C. KEBIJAKAN KEWASPADAAN ISOLASI


1. Kewaspadaan isolasi diterapkan untuk mengurangi risiko infeksi penyakit
menular pada petugas kesehatan baik dari sumber infeksi yang diketahui
maupun yang tidak diketahui.
2. Dalam memberikan pelayanan kesehatan di rumah sakit setiap petugas harus
menerapkan kewaspadaan isolasi yang terdiri dari dua lapis yaitu kewaspadaan
standar dan kewaspadaan berdasar transmisi.
3. Kewaspadaan standar harus diterapkan secara rutin dalam perawatan di rumah
sakit yang meliputi : kebersihan tangan, penggunaan alat pelindung diri (APD),
perawatan peralatan pasien, pengendalian lingkungan, penatalaksanaan linen,
pengelolaan limbah, perlindungan kesehatan karyawan, penempatan pasien,
etika batuk, dan praktek menyuntik yang aman. Pelaksanaan kewaspadaan
standar ditujukan kepada semua pasien.
4. Kewaspadaan berdasarkan transmisi diterapkan sebagai tambahan
kewaspadaan standar pada kasus-kasus yang mempunyai risiko penularan
melalui kontak, droplet dan udara.
5. Penyelenggaraan kewaspadaan isolasi di klinik Pratama Satbrimob Polda Jambi
selengkapnya diatur dalam pedoman dan prosedur, sesuai kebijakan Kepala
klinik Pratama Satbrimob Polda Jambi.

D. KEBIJAKAN PELAKSANAAN KEWASPADAAN STANDAR


1. Kebersihan tangan/ hand hygiene
a. Semua karyawan klinik, pasien dan pengunjung harus menjaga kebersihan
tangan dengan melakukan cuci tangan menggunakan air bersih dan sabun
atau handrub menggunakan cairan antiseptik berbasis alkohol.
b. Kebersihan tangan dilakukan pada 5 keadaan yaitu sebelum kontak dengan
pasien, sebelum melakukan tindakan aseptik, setelah melakukan tindakan
invasif yang berhubingan dengan cairan tubuh pasien, setelah kontak
dengan pasien, setelah kontak dengan lingkungan pasien.
c. Bila tangan tampak kotor, maka cuci tangan dengan sabun
d. Cuci tangan dengan sabun selama 40-60 detik, apabila menggunakan
handrub selama 20-30 detik.
e. Tim PPI melakukan evaluasi kepatuhan cuci tangan melalui survey terhadap
seluruh petugas klinik setiap bulan.

2. Pemakaian Alat pelindung diri (APD)


a. Alat pelindung diri adalah alat yang berfungsi sebagai pelindung barrier
untuk melindungi diri dari mikroorganisme yang ada dan petugas
kesehatan.
b. Semua petugas yang melakukan kontak dengan pasien yang berisikoo
menularkan penyakit infeksius wajib memakai APD sesuai dengan prosedur
yang benar
c. Semua petugas yang melakukan tindakan septik aseptik harus memakai
APD sesuai dengan prosedur yang benar
d. Jenis-jenis APD yaitu sarung tangan, masker, alat pelindung mata, topi,
gaun pelindung,apron, pelindung kaki.
e. Pemakaian APD hendaknya sesuai dengan indikasi pemakaian.
f. Untuk APD yang disposable setelah dipakai dibuang ditempat sampah
infeksius yang telah disediakan, sedangkan untuk APD yang akan dipakai
kembali, dilakukan penatalaksanaan sesuai prosedur.

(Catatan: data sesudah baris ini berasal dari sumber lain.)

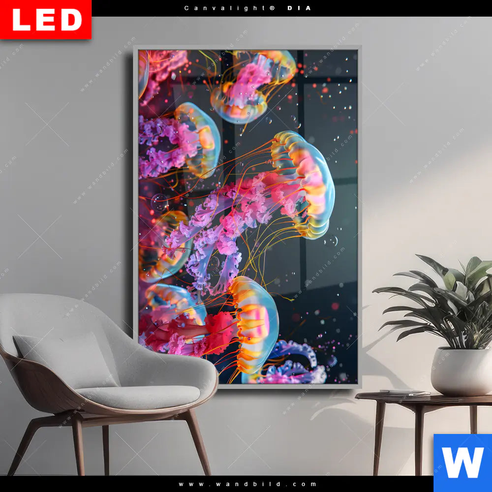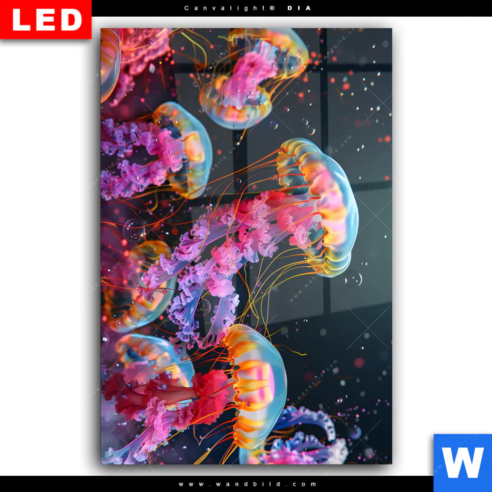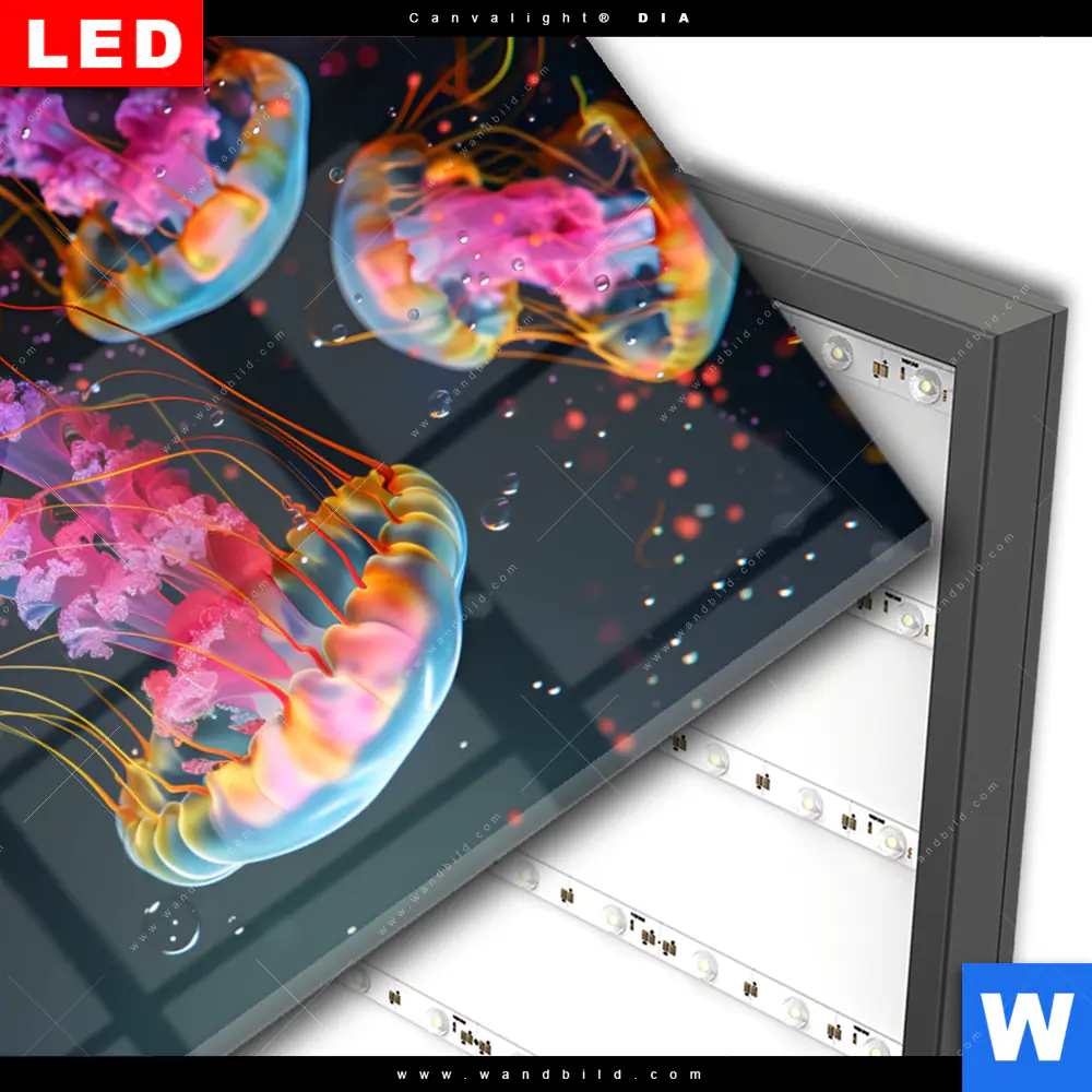 Wechselmotiv Acrylglas Canvalight® DIA | Leuchtende Quallen unter Wasser | Hochformat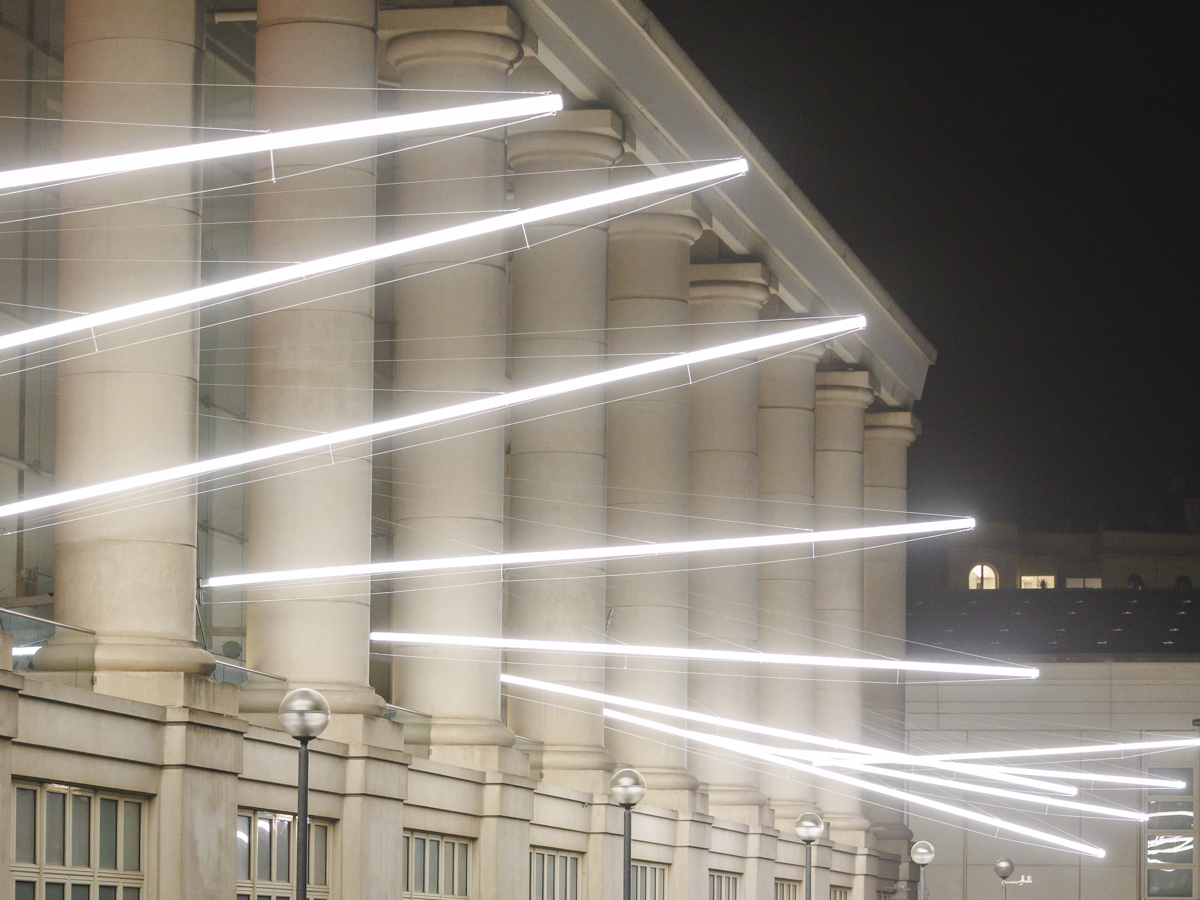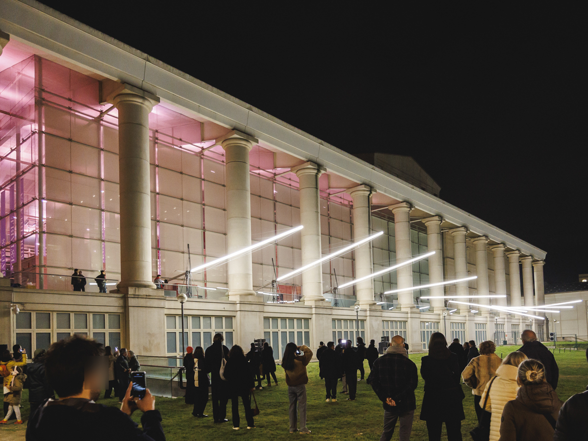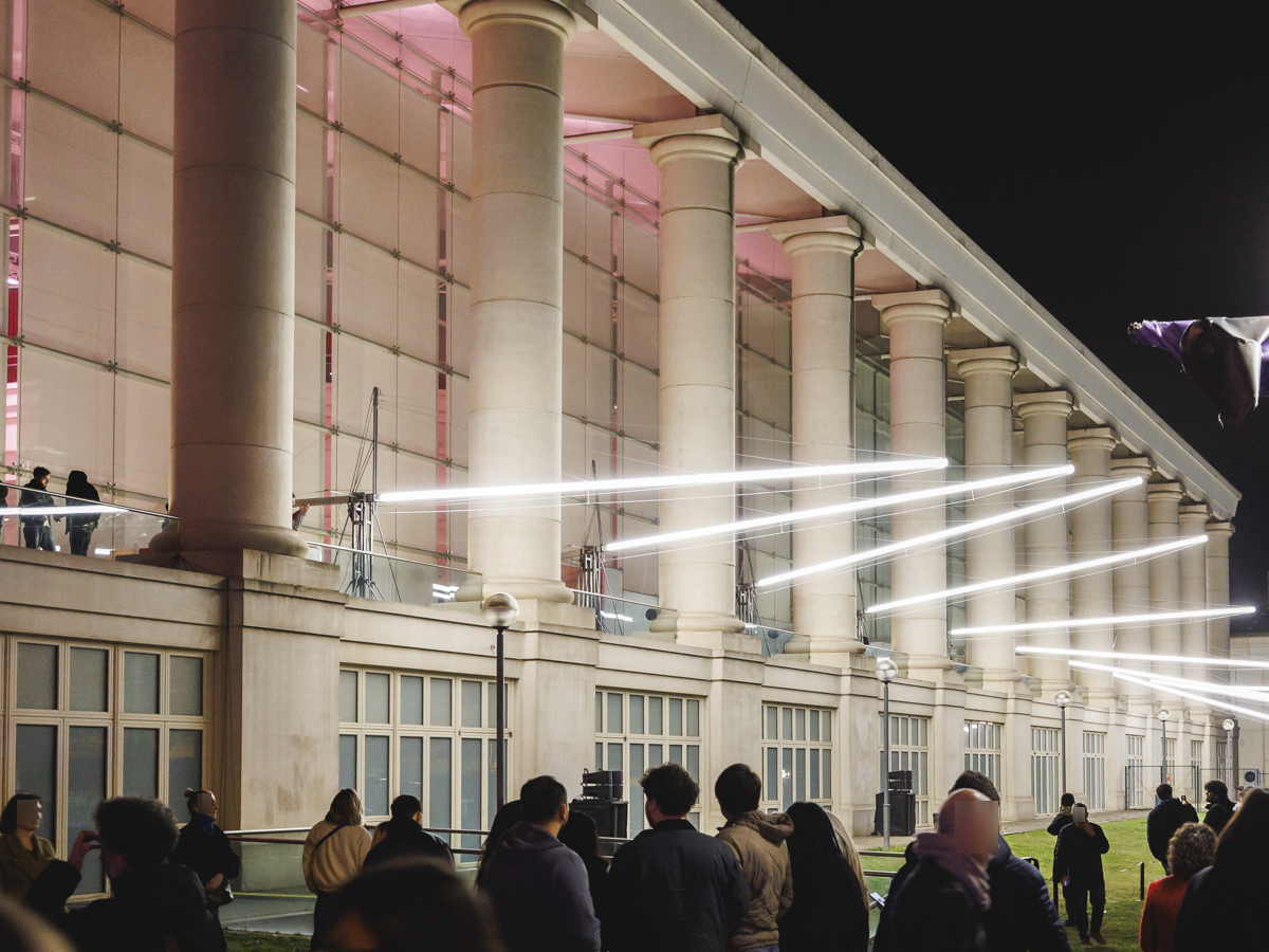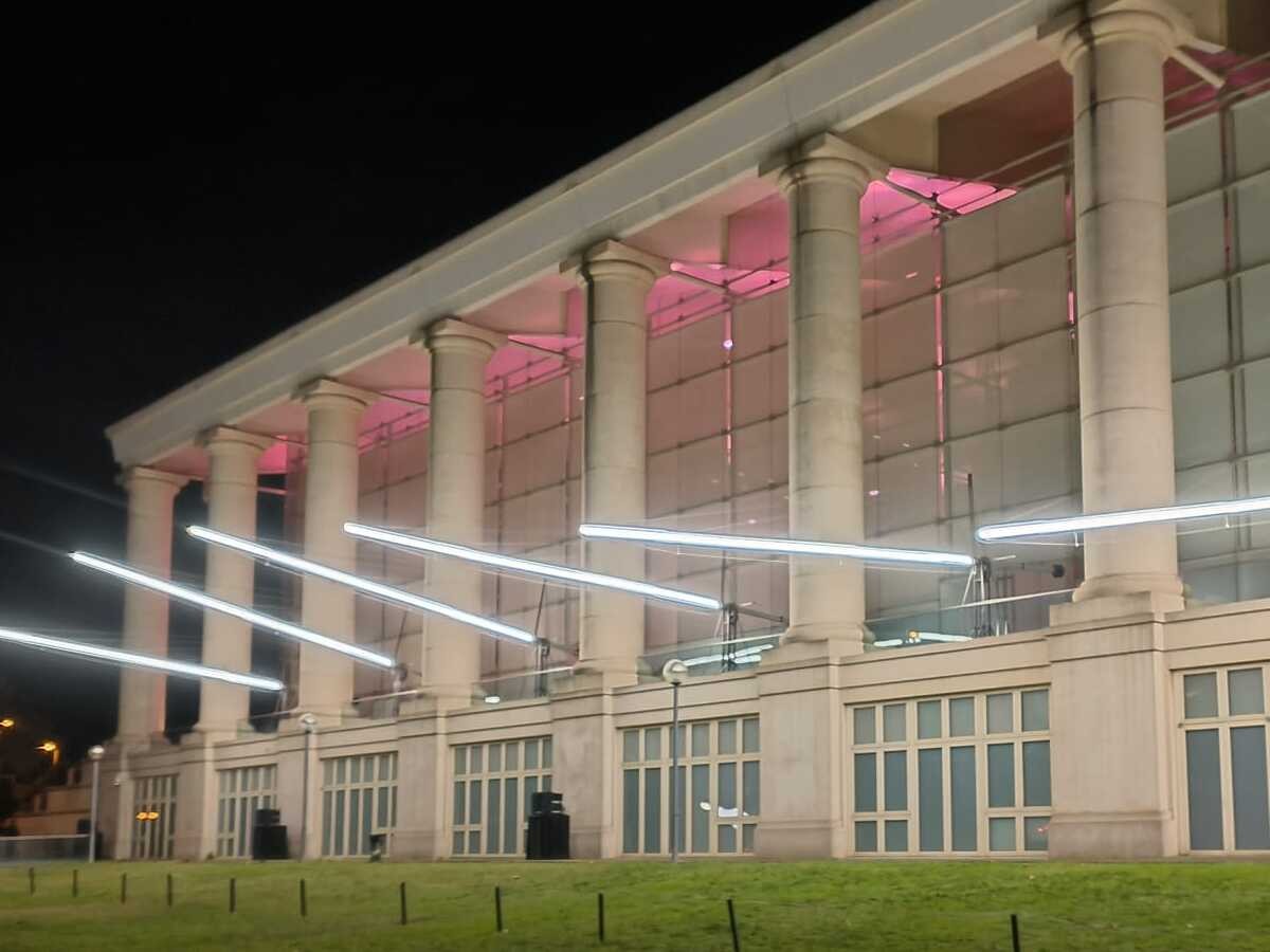TAGA Proyectos Escénicos carried out the structural certification of the project Fremor, an artwork by artist Marc Vilanova, installed on the elevated walkway of the Teatre Nacional de Catalunya (TNC) in Barcelona, as part of LLUM BCN 2026 – Festival of Light Arts.

3. Dekontaminasi dan sterilisasi peralatan perawatan pasien


a. Suatu proses menghilangkan mikroorganisme dan kotoran yang melekat
pada alat kesehatan sehingga aman untuk pengolahan selanjutnya dan
dilakukan sebagi langkah pertama bagi pengelolaan alat kesehatan habis
pakai yang meliputi precleaning, pencucian dan pembersihan,sterilisasi
b. Precleaning : proses ini dengan melakukan perendaman dengan memakai
detergen atau larutan enzimatik sampai seluruh permukaan alat terendam.
c. Pembersihan : proses yang secara fisik membuang semua kotoran, darah,
atau cairan tubuh lainnya dari benda mati ataupun membuang sejumlah
mikroorganisme untuk mengurangi risiko bagi mereka yang menyentuh
kulit. Proses ini terdiri dari mencuci sepenuhnya dengan sabun atau
detergen dan air, membilas dengan air bersih dan mengeringkan.
d. Desinfeksi tingkat tinggi ; proses menghilangkan semua mikroorganisme,
kecuali beberapa endospore bacterial dari objek, dengan merebus,
menguapkan atau memakai desinfektan kimiawi.
e. Sterilisasi : proses menghilangkan semua mikroorganisme termasuk
endospore bacterial dari benda mati dengan uap tekanan tinggi
f. Seluruh pemrosesan peralatan perawatan pasien dilakukan sesuai
prosedur.

4. Pengendalian lingkungan
Untuk mencegah terjadinya infeksi akibat lingkungan dapat diminimalkan
dengan melakukan pembersihan lingkungan, disinfeksi permukaan lingkungan
yang terkontaminasi dengan darah atau cairan tubuh pasien, melakukan
pemeliharaan peralatan medik dengan tepat, mempertahankan mutu air bersih,
mempertahankan ventilasi udara yang baik.

5. Pengelolaan limbah
Pengelolaan limbah dapat dilakukan mulai dari identifikasi, pemisahan, labeling,
packing, penyimpanan, pengangkutan penanganan sesuai jenis limbah.

6. Penatalaksanaan linen
a. Klinik berupaya menjamin manajemen laundry dan linen yang benar
b. Klinik berupaya mencegah terjadinya kontaminasi pada pakaian atau
lingkungan.
c. Semua linen yang sudah digunakan harus dimasukkan ke dalam
kantong/wadah yang tidak rusak saat diangkut.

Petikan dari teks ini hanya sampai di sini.